> WHAT THE TASK ASKS: In the listing, locate the line containing "29 (!) december", then quote it and all following lines exactly. Omit pictures.

> RECORDS SUPPLIED:
--

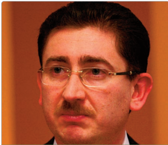
Șeful CC, Bogdan Chirițoiu: „2019 va fi un an agitat și confuz. Ne temem de scumpiri nejustificate în sectoarele impactate de ordonanța lăcomiei”

Prețurile în sectoarele economice vizate de OUG 114/2018 ar putea crește, ca urmare a noilor taxe, însă Consiliul Concurenței monitorizează aceste piețe pentru ca scumpirile să nu fie excesive, acesta fiind principalul risc în acest an, a declarat, marți, președintele instituției, Bogdan Chirițoiu - „Când am avut discuția privind riscurile pe care le vedem în 2019, am spus că aici trebuie să fim foarte atenți: la sectoarele impactate de ordonanța anti-lăcomie. Deci, monitorizăm piața, temându-ne de creșteri excesive de preț, nejustificate”. Consiliul Concurenței a aplicat sancțiuni în valoare totală de 435 milioane lei (93 milioane euro) în 2018, acesta fiind al doilea an cu cele mai mari amenzi din istoria instituției. Comparativ, în 2017 au fost acordate amenzi de 123 milioane lei. „A fost un an cu o activitate foarte intensă, al doilea ca nivel al sancțiunilor din istoria CC, cu 93 milioane euro sancțiuni totale, cu un succes în zona de ajutor de stat - cazul
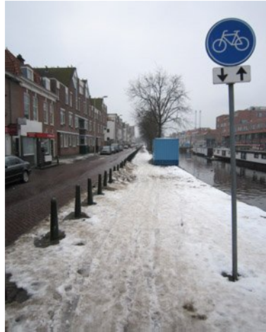
... en - in tegengestelde richting gezien - op 29 (!) december

De tweede helft van december was een moeilijke periode. Wij hebben de indruk dat de gemeentevooral de fietsers en voetgangers weer behoorlijk in de kou heeft laten staan.
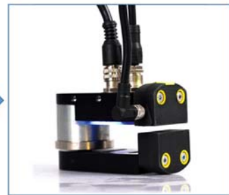
All In One System SAFIX und HOLDX
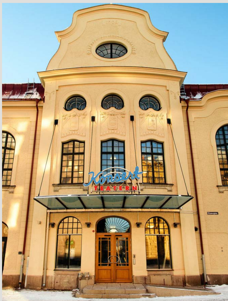
Länsteatrarnas vårmöte hålls på nya Konsertteatern i Sundsvall.

Länsteatrarna i Sverige och Teater Västernorrland bjuder in till vårmöte för medlemsteatrarnas styrelseordförande, vice ordförande, VD, teaterchefer och konstnärliga ledare den 13-15 april i Sundsvall, närmare bestämt i Scenkonst Västernorrlands och Teater Västernorrlands nya fina lokaler på Norra Järnvägsgatan.
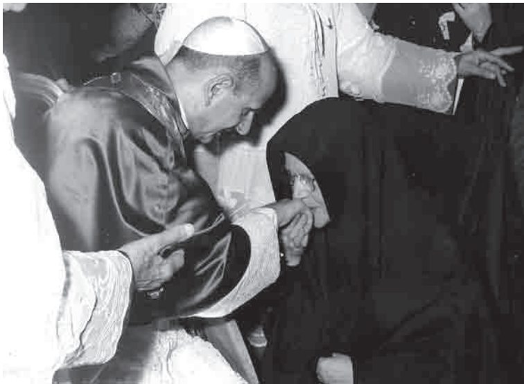
Paolo VI e Madre Angela Cettini, Superiora Generale delle FSMP nel giorno della Beatificazione
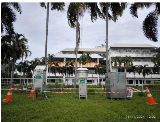
รูปที่ 2-3 การติดตามตรวจสอบคุณภาพอากาศในบรรยากาศ
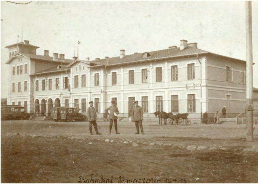
Ilustr. 9. Wojsko niemieckie stacjonujące przed dworcem kolejowym w Tomaszowie Mazowieckim. Fot. ze zbiorów Jerzego Pawlika.

--

> ANSWER FOR THE TASK:
... en - in tegengestelde richting gezien - op 29 (!) december

De tweede helft van december was een moeilijke periode. Wij hebben de indruk dat de gemeentevooral de fietsers en voetgangers weer behoorlijk in de kou heeft laten staan.
All In One System SAFIX und HOLDX
Länsteatrarnas vårmöte hålls på nya Konsertteatern i Sundsvall.

Länsteatrarna i Sverige och Teater Västernorrland bjuder in till vårmöte för medlemsteatrarnas styrelseordförande, vice ordförande, VD, teaterchefer och konstnärliga ledare den 13-15 april i Sundsvall, närmare bestämt i Scenkonst Västernorrlands och Teater Västernorrlands nya fina lokaler på Norra Järnvägsgatan.
Paolo VI e Madre Angela Cettini, Superiora Generale delle FSMP nel giorno della Beatificazione
รูปที่ 2-3 การติดตามตรวจสอบคุณภาพอากาศในบรรยากาศ
Ilustr. 9. Wojsko niemieckie stacjonujące przed dworcem kolejowym w Tomaszowie Mazowieckim. Fot. ze zbiorów Jerzego Pawlika.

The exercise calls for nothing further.